| DATA FOR THIS TASK |
══════════

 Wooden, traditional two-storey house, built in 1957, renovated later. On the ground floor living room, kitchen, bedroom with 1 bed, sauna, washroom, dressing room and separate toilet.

══════════

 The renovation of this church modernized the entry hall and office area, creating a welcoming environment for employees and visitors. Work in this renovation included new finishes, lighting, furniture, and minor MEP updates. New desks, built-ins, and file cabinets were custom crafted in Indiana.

══════════

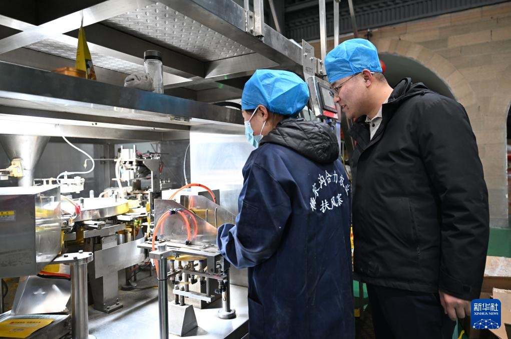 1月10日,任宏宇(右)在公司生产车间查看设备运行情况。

══════════

| WHAT IS BEING ASKED |
Count the lines in the records that include the word "built". Report the total alone.

| WRITTEN RESPONSE |
2